Reykjavik, 13th of July 2017
by Neurophysiology Plus
To avoid a new neurological deficit after a brain growing tumor surgery located in or near eloquent brain areas (speech, motor, visual cortex) the surgeon uses now intraoperative neuromonitoring complementary procedures performed together with clinical neurophysiology team in the operating room.
In 1998, Sawaya et al published the tumor functional grade classification after a scheme developed at the Anderson Cancer Center in Houston Texas based on the tumor location relative to the brain function as following: Grade I non-eloquent brain: Frontal or temporal polar regions, Right parieto-occipital regions, Cerebellar hemispheres lesions; Grade II near eloquent brain: Near motor or sensory cortex, Near calcarine fissure, Near speech center, Corpus callosum, Near dentate nucleus, Near brainstem, including supplementary motor area if was investigated with preoperative magnetic resonance; Grade III eloquent brain: Motor/Sensory cortex, Visual center, Speech center, Internal capsule, Basal ganglia, Hypothalamus/thalamus, Brainstem, Dentate nucleus.
The preoperative studies used to identify the structure and the "function" of the eloquent brain are MRI, fMRI, CT, DatScan, SPECT, PET, TMS. From all these TMS-EMG and TMS-EEG modalities are used for motor mapping and speech mapping or EEG temporal related evoked potentials. The results, the identified motor hot-spots or speech area are then saved and used in operating room by neurosurgeon.

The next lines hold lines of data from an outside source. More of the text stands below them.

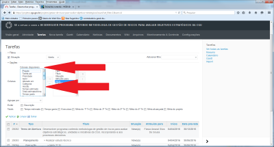 Em “colunas disponíveis” selecione nessa ordem os seguintes itens: Meta do 1º Tri, Meta do 2º Tri, Meta do 3º Tri, Meta do 4º Tri, Meta do Projeto, Meta Alcançada.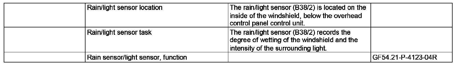 GF54.21-P-4123R Rain/light Sensor Location/task/function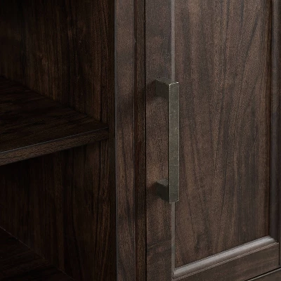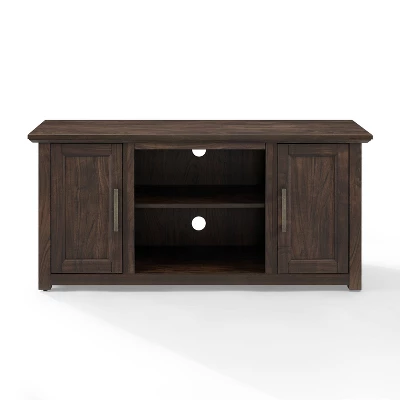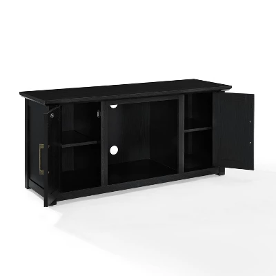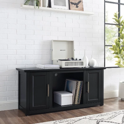 Gather together for a family movie night with the Camden Low Profile TV Stand. This TV stand features two cabinets with an adjustable shelf in each, offering ample storage for your books, video games, or other media. The open storage in the center has an adjustable and removable shelf, plus two pre-cut holes in the back for cable management. Sized to fit most TV’s up to 60 inches, the Camden Low Profile TV Stand exudes rustic style with the look of wood-grain and substantial metal hardware.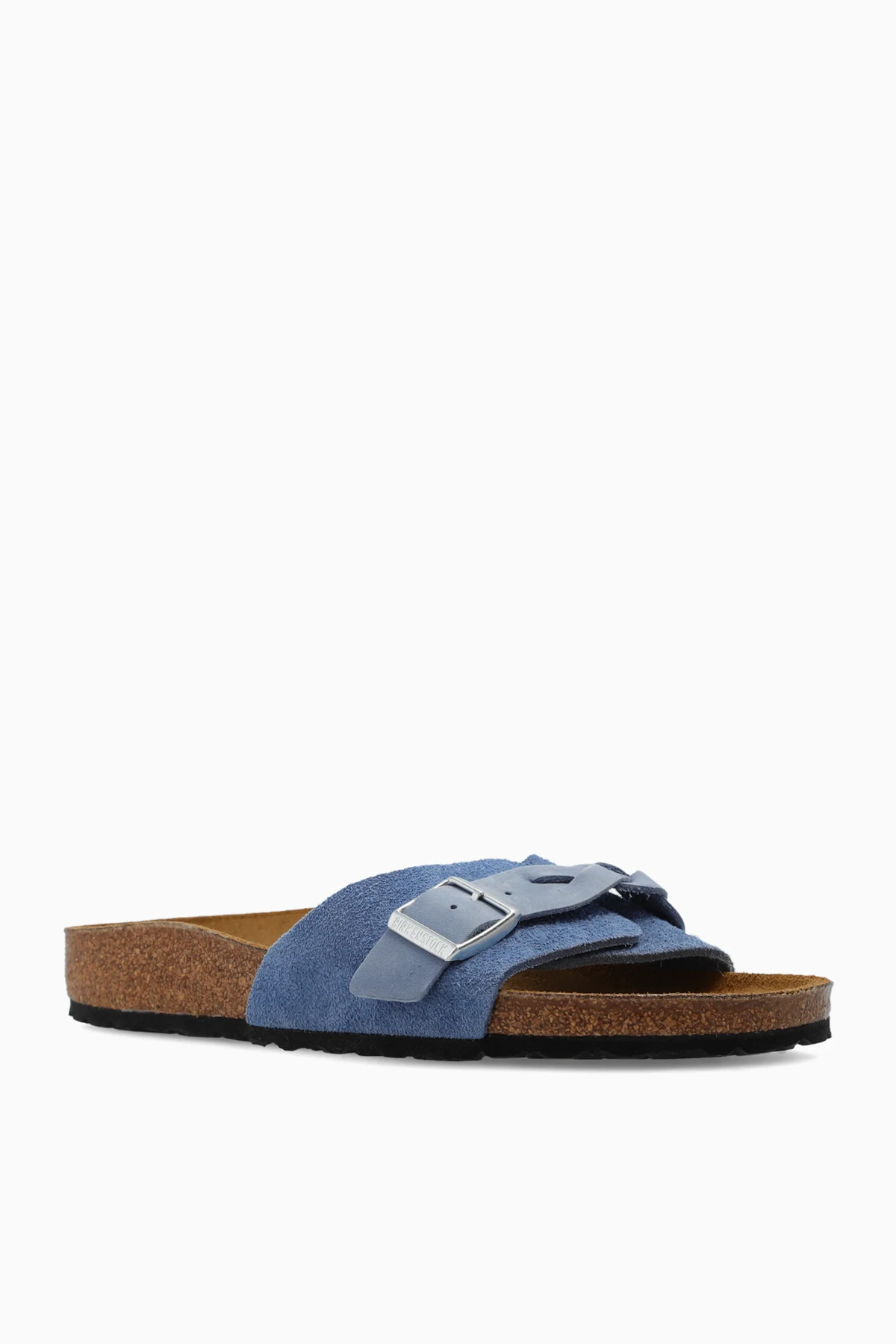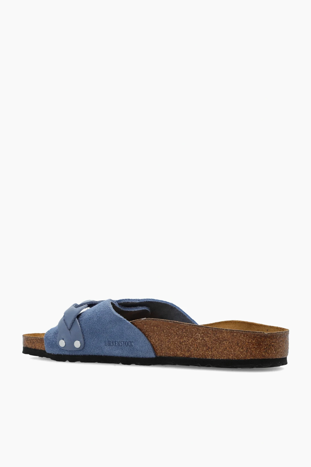 Niebieskie klapki, model ‘Oita Braided’ Birkenstock. Wykonane z zamszu i nubuku. Zapinane na pleciony pasek z klamrą. Ozdobione wytłoczonym logo. Anatomicznie ukształtowana wkładka korkowo-lateksowa o zwężanej szerokości. Brązowo-czarna podeszwa wykonana z naturalnego korka oraz pianki EVA.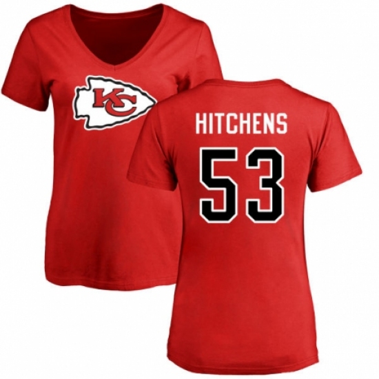 NFL Women's Nike Kansas City Chiefs #53 Anthony Hitchens Red Name & Number Logo Slim Fit T-Shirt

Neuro-Navigated TMS preoperative mapping using same operating room system
13th of July 2017
If eloquent brain areas and motor cortex hot-spots with Talairach coordinates are already set on the patient MRI (structural model of the brain) before surgery the neurophysiology and neurosurgery team will use them when proposing the surgery and during the resection of tumors or abnormal (non-functional) tissues.
In Iceland, preoperative motor mapping started in January 2017 (here) and recently a team formed by Ingvar Hakón Ólafsson, Aron Björnsson, Ágúst H. Guðmundsson (Intermedica/Medtronic), David B., Aron Dalin Jónasson and Ovidiu C. Banea could prove the combination of operating room neuronavigation system (Medtronic) with TMS motor mapping and Intraoperative device (Nim Eclipse Medtronic).
The pilot study was successful and was performed in surgery room. In close future the preoperative neuro-navigated mapping will be used for the proposed patients before surgery time.